Same Thing, Different Color

Choice paralysis? Or, the more options the better?

Seen at Bed Bath & Beyond. I had to restrain myself from buying one of each color in order to line them up neatly in a rainbow spectrum on my desk. They all look so appealing!

Rainbows catch my eye. A rainbow's worth of differently colored products catch my eye. 

In some products, a plethora of color choices can be a good thing. When browsing through eye shadows and lip sticks, sometimes you need just that right hue/shade/tint to complement your skin tone.

Seen at MAC. Cosmetics are one of those shopping paradoxes to me. I can spend a lot of time poring over the packaging, glitter content, palette combinations, pigment intensity and clever display stands and then walk away empty handed. I admire cosmetics, I hardly use them.

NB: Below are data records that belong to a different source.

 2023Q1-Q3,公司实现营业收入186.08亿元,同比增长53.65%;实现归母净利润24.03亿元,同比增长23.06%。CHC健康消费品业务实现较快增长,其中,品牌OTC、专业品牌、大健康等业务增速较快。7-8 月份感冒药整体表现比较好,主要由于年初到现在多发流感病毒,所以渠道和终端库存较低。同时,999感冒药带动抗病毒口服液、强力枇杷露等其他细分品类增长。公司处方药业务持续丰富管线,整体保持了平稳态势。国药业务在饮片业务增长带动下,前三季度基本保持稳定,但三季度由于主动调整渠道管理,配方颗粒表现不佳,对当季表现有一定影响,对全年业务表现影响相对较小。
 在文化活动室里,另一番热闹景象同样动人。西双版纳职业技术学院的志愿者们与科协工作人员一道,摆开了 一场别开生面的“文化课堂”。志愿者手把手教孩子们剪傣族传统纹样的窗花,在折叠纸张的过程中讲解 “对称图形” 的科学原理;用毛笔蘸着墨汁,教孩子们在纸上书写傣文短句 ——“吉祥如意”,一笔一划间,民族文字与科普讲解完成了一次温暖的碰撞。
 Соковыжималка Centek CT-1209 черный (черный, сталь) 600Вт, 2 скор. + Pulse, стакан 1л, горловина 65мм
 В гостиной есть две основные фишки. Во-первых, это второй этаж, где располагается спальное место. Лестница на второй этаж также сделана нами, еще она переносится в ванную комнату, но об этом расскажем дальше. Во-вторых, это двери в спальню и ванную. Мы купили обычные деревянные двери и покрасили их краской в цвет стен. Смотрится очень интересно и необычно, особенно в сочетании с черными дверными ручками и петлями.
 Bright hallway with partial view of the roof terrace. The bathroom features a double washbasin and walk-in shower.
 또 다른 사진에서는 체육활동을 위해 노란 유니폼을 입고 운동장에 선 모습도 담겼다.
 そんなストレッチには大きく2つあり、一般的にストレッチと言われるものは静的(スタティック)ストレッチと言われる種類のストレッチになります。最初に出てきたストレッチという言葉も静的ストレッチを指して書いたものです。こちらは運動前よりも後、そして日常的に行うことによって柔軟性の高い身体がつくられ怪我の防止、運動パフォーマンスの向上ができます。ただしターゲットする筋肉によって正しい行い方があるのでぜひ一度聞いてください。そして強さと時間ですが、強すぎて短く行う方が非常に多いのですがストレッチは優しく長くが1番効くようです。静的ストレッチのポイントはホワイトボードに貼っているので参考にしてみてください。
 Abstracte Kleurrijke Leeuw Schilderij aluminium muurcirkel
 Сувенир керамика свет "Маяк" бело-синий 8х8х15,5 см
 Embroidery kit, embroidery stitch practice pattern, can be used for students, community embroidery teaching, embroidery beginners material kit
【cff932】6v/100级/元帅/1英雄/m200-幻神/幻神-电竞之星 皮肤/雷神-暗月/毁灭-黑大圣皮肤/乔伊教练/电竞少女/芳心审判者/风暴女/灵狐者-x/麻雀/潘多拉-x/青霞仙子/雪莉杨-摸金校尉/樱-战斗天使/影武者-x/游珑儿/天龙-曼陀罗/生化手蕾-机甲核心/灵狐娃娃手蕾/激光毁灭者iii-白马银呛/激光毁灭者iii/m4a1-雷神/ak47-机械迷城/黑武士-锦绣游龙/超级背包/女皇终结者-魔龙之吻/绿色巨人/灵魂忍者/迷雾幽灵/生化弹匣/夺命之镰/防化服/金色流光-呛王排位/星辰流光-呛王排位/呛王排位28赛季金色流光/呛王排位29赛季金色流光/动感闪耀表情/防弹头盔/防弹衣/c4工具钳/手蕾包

Or perhaps men's socks. Uniqlo has my favorite sock display to date:

If you can't find a suitable color from here (or the adjacent shelf of even more colors) you are a picky shopper indeed.

But when does adding just another color option become lazy product design? That's something I wondered recently when stepping into a Bath & Body Works, one of my favorite haunts from middle and high school.

1 scent = (body lotion + shimmer mist + bubble bath + hand soap + body mist + perfume + hand sanitizer) x (mini + medium + large)

It has been interesting to watch my favorite scent, Japanese Cherry Blossom, change in absolutely no way except for bottle shape and label design over the past 10 years or so. 

Do more aesthetic permutations of a product signify stable success or lack of inspiration?

I don't know.

If I ever go missing, you can find me in the household items section of Target agonizing over which color of Method Hand Soap to buy for my bathroom.